* **Data for this task**
^^^^
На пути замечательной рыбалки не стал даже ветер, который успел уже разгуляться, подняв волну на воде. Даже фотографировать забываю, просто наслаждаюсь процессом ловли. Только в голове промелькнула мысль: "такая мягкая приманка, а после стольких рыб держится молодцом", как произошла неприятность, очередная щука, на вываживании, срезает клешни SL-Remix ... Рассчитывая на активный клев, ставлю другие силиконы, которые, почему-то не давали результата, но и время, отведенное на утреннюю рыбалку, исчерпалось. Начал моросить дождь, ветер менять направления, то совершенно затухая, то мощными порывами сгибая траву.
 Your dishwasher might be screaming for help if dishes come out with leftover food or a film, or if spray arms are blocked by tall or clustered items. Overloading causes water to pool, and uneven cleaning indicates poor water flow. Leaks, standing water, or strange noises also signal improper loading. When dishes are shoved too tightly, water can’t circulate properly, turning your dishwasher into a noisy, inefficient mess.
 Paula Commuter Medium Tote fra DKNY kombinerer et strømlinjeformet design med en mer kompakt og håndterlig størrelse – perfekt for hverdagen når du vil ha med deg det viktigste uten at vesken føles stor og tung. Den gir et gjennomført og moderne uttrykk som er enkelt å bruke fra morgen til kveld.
^^^^
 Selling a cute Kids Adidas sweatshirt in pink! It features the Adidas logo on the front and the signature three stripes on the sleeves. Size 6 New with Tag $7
^^^^
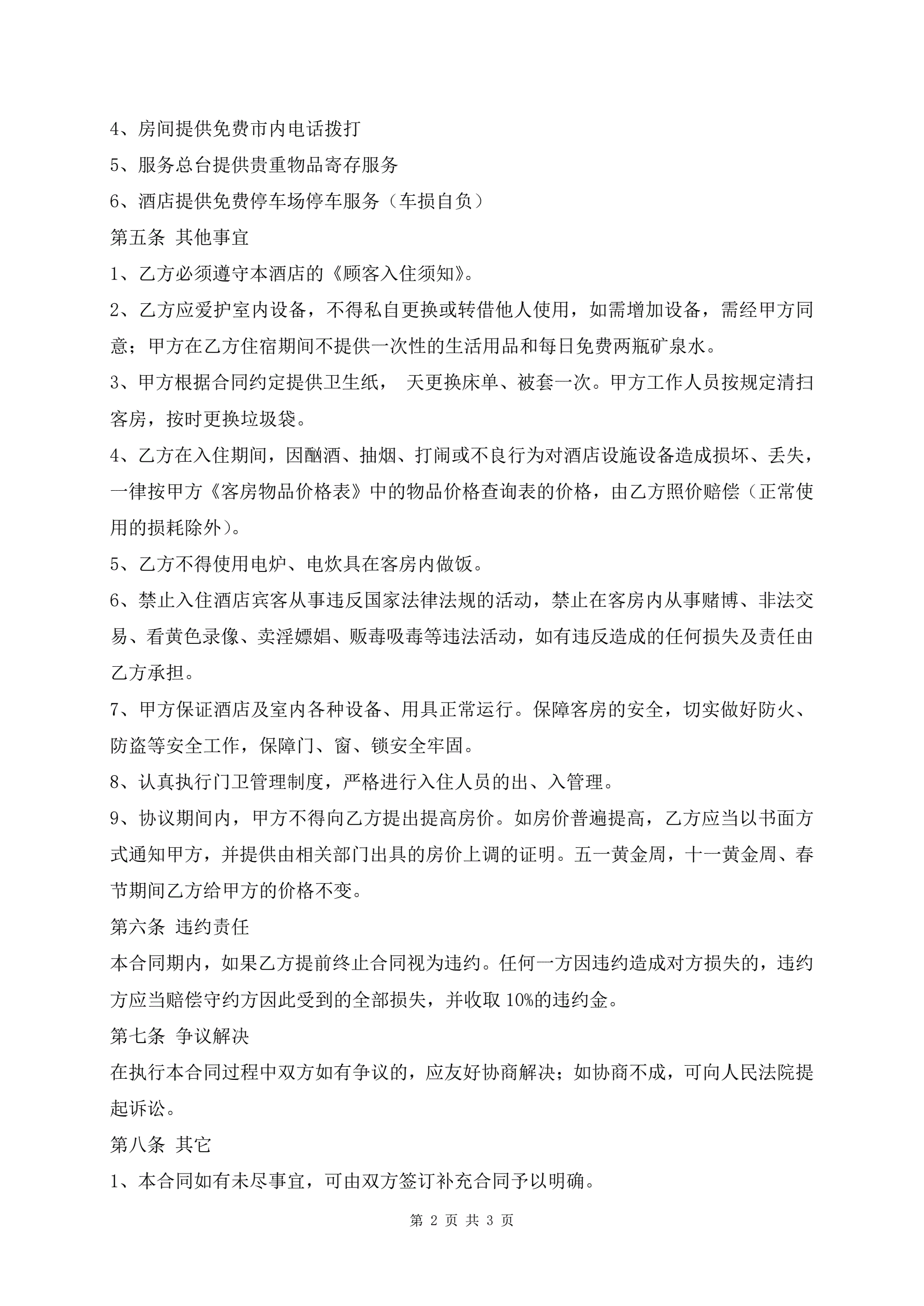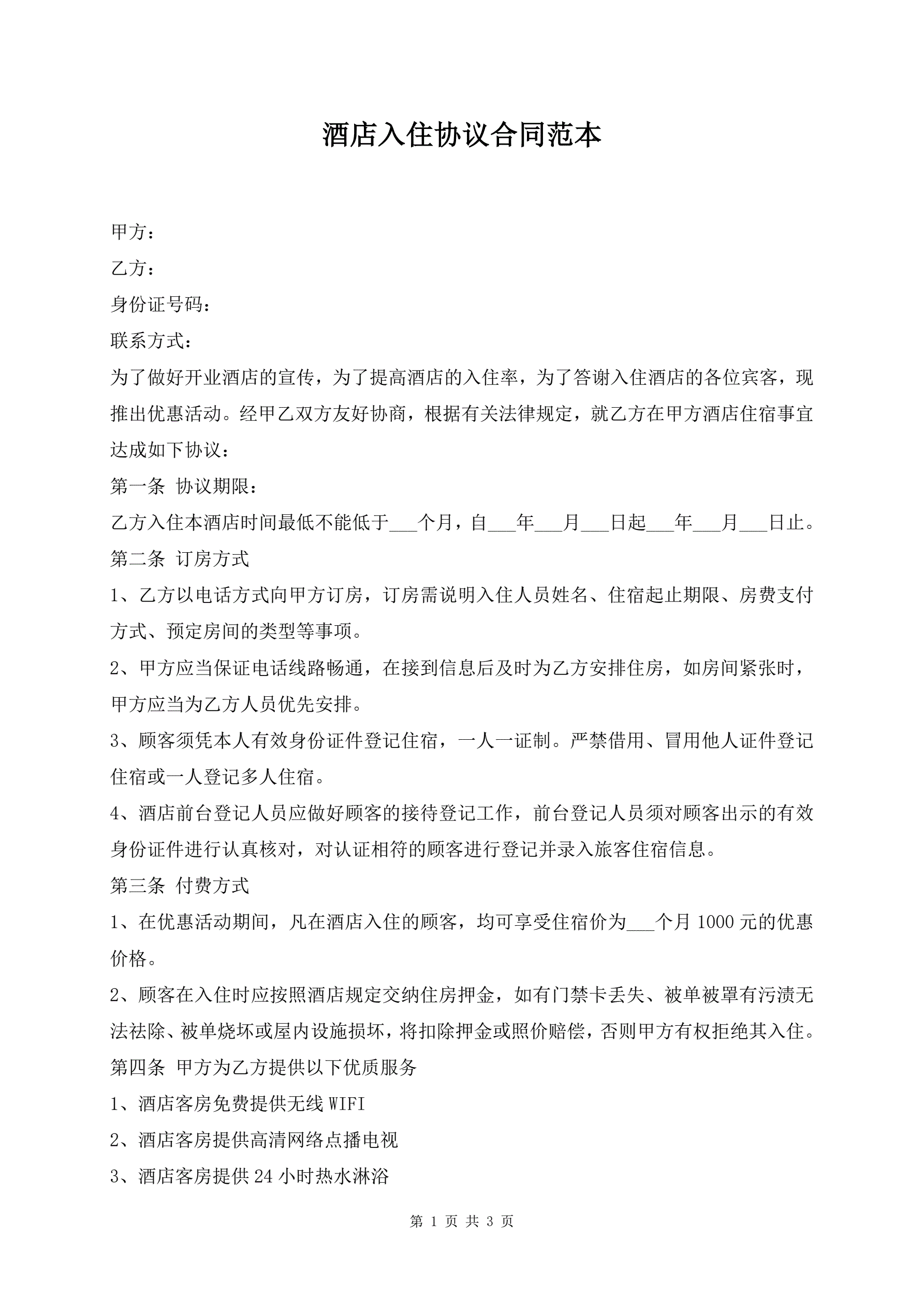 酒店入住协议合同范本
^^^^
* **Exercise directions**
Print exactly the lines above, between the one holding "Your dishwasher might" and the one holding "Paula Commuter Medium", inclusive, and nothing besides.

* **Task output**
 Your dishwasher might be screaming for help if dishes come out with leftover food or a film, or if spray arms are blocked by tall or clustered items. Overloading causes water to pool, and uneven cleaning indicates poor water flow. Leaks, standing water, or strange noises also signal improper loading. When dishes are shoved too tightly, water can’t circulate properly, turning your dishwasher into a noisy, inefficient mess.
 Paula Commuter Medium Tote fra DKNY kombinerer et strømlinjeformet design med en mer kompakt og håndterlig størrelse – perfekt for hverdagen når du vil ha med deg det viktigste uten at vesken føles stor og tung. Den gir et gjennomført og moderne uttrykk som er enkelt å bruke fra morgen til kveld.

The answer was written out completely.